Slowly, I backed away from the heat. Victorino backed away, too, but he was gradually creating more distance between us, I noticed, until I hollered at him to stop. I used the pistol to wave him closer, before telling him, “Let’s get in the truck and get the hell out of here. You drive.”
It surprised the man. He replied, “Both of us you mean?” unsure if he had less to fear or more to fear.
“A plane or a helicopter’s going to spot the flames,” I told him. “Cops and firefighters will be coming soon. Maybe park rangers—we’re close enough to the Everglades. I don’t want to be here when they show up. How about you?”
I had taken off the night vision headgear, and Victorino jerked his head away when he realized I was going to remove the ski mask, too.
Mask up—but not off—my face pouring sweat, I told the man, “It’s okay. You can look.”
Victorino was three steps ahead of me, facing the truck. I could see his mind working, wondering what was going on.
The man stood frozen for what seemed like several seconds. Perhaps because I began to whisper
to myself, repeating a private liturgy, he finally turned to look at me.

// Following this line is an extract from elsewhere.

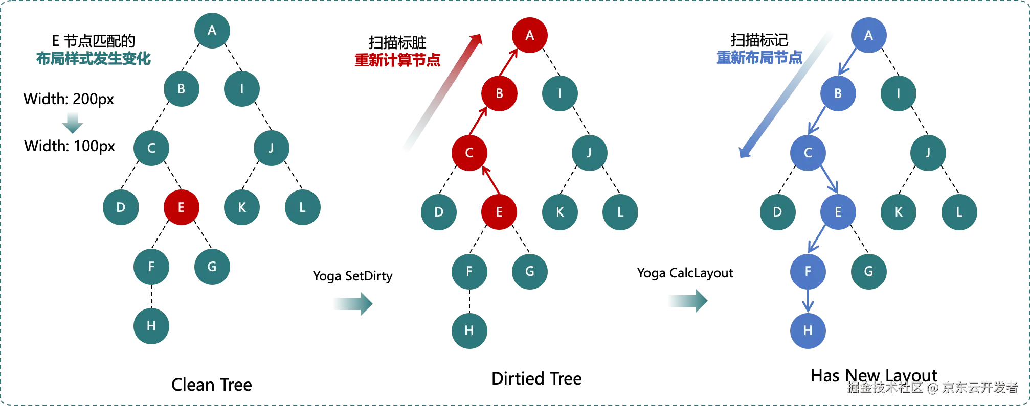 在标记完所有需要更新的节点后,下一帧的样式处理流程就会对这些节点进行处理。首先,系统会调用 Yoga 的 calcYGLayout 函数,让 Yoga 从根节点开始对所有的 Yoga 节点进行测算。在此过程中,布局信息发生改变的 Yoga 节点会被打上 has_new_layout 的标记,节点上的信息也会被更新。

When he did, I asked, “Where’s the money? Sixty thousand dollars cash.” I didn’t know if the drunken woman was telling the truth, but I was thinking about Tula Choimha’s determination to lead her family home to Guatemala. They would need money.
Victorino’s eyes revealed the money’s location, but I waited until he lied to me, replying, “Money? What money?” the staged look of confusion still on the man’s face when I shot him in the chest. A few seconds later, I shot him at close range in the back of the head.
His partner’s .44 Smith & Wesson made a thud when it landed on the ground beside Victorino’s body.
I wasn’t going to invest much time searching for the money—if it existed. What I had told Victorino was true. The hunting camp was in one of the most remote regions in Florida, yet a fire of that magnitude might still attract attention.
I found the cash in a canvas gym bag on the floor of Squires’s truck, along with a .357 Ruger Blackhawk revolver. The temptation was to get behind the wheel of the truck, and drive as fast as I could back to the main road. But then I remembered that the Dodge blocked the exit. Bulldozing the thing out of the way would take time and would make a lot of noise. It would also prove that at least one of the shooters had escaped.
It was safer, cleaner, if I returned on foot.
To add further confusion to the scene, I tossed the Blackhawk under the truck, then took off, jogging toward the darkness, gym bag over my shoulder, as I repositioned the night vision monocular over my left eye.
I had learned my lesson. Until I was close enough to my truck to risk stepping into the open, I would stay in the shadows. To me, darkness—and open water—have always represented safety.
I am a stubborn man, though. Because the anomalous hole in the wall still bothered me and because it would be the driest route back to my truck, I chose to run past the burning shack before turning into the woods. There, the topography was upland pine. Plenty of cover but lots of open ground, unlike the swamp to my right. It would be a hell of a lot easier to parallel the hunting camp road before angling to the gate where my truck was hidden.